Thymosin α1 Improves Outcomes in Hepatitis B-Related Acute-on-Chronic Liver Failure

Hepatitis B virus (HBV) infection is a major cause of liver disease, sometimes progressing to acute-on-chronic liver failure (ACLF), a severe condition with high mortality. ACLF involves rapid deterioration of liver function in patients with pre-existing chronic liver disease, often triggered by an acute insult, leading to systemic inflammation and immune dysfunction. Current treatments are largely supportive, and there's a critical need for therapies that can improve immune function and reduce inflammation; this study aimed to evaluate the safety and efficacy of Thymosin α1 as an immunomodulatory treatment for HBV-related ACLF.

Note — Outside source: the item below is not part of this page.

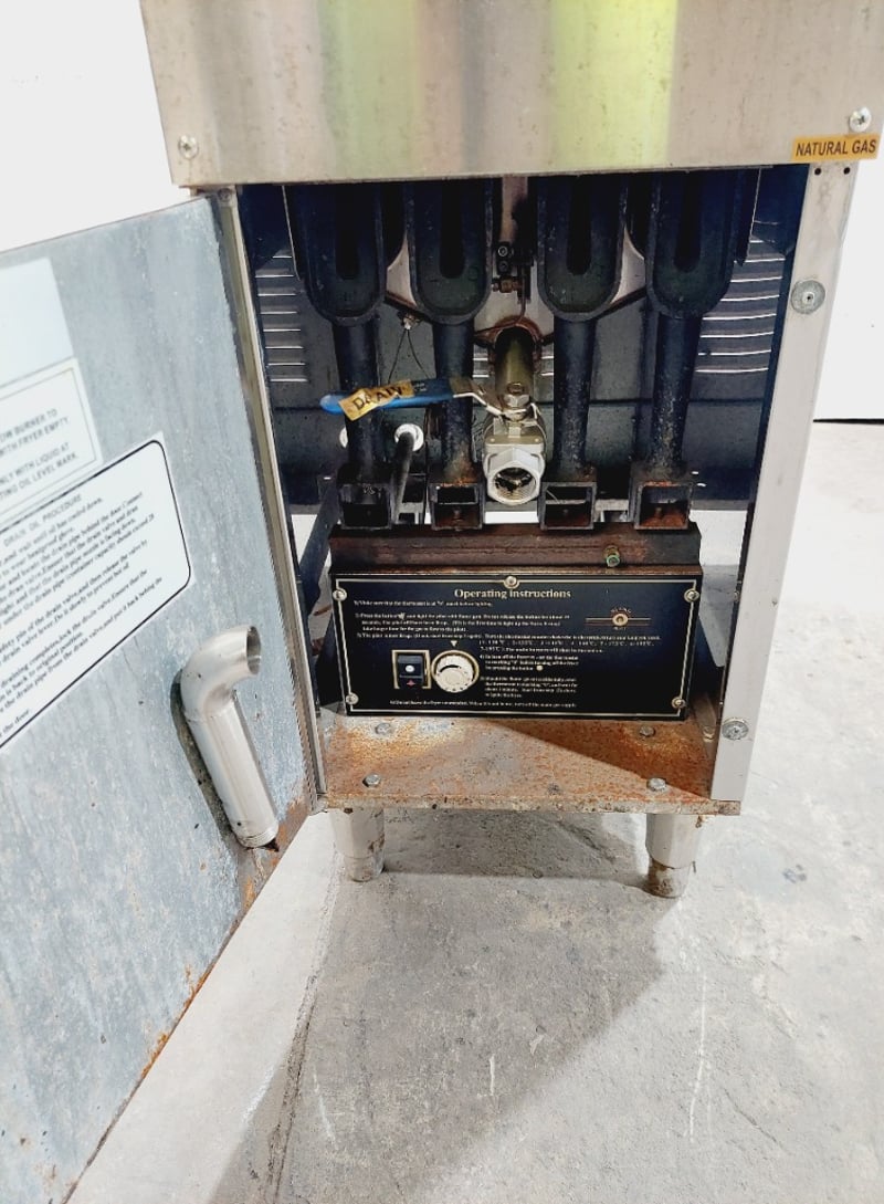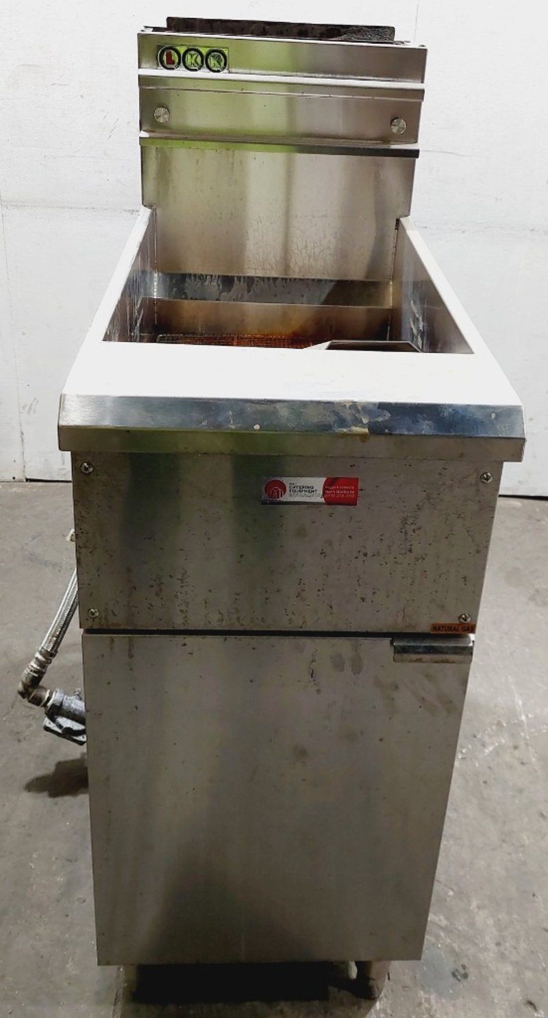 Commercial deep fryer unit - Model LKKGF4 Serial number NW11709187. Dimensions : 40 x 40 x 114cm Note : untested,signs of wear

The study demonstrated significant improvements in the Thymosin α1 group compared to the control group across several key metrics. The 90-day overall survival rate was 65% in the Thymosin α1 group, significantly higher than the 45% observed in the control group (p<0.01). Patients treated with Thymosin α1 also showed a 2.3-fold increase in CD4+ T cell counts, indicating enhanced cellular immunity, and a 35% reduction in serum TNF-α levels, suggesting reduced systemic inflammation. The mean MELD score, a widely used measure of liver disease severity, decreased by 3.5 points in the treatment group versus 1.2 points in the control group (p<0.05). Furthermore, the incidence of severe infections was 20% lower in the Thymosin α1 group, highlighting an immune-protective effect.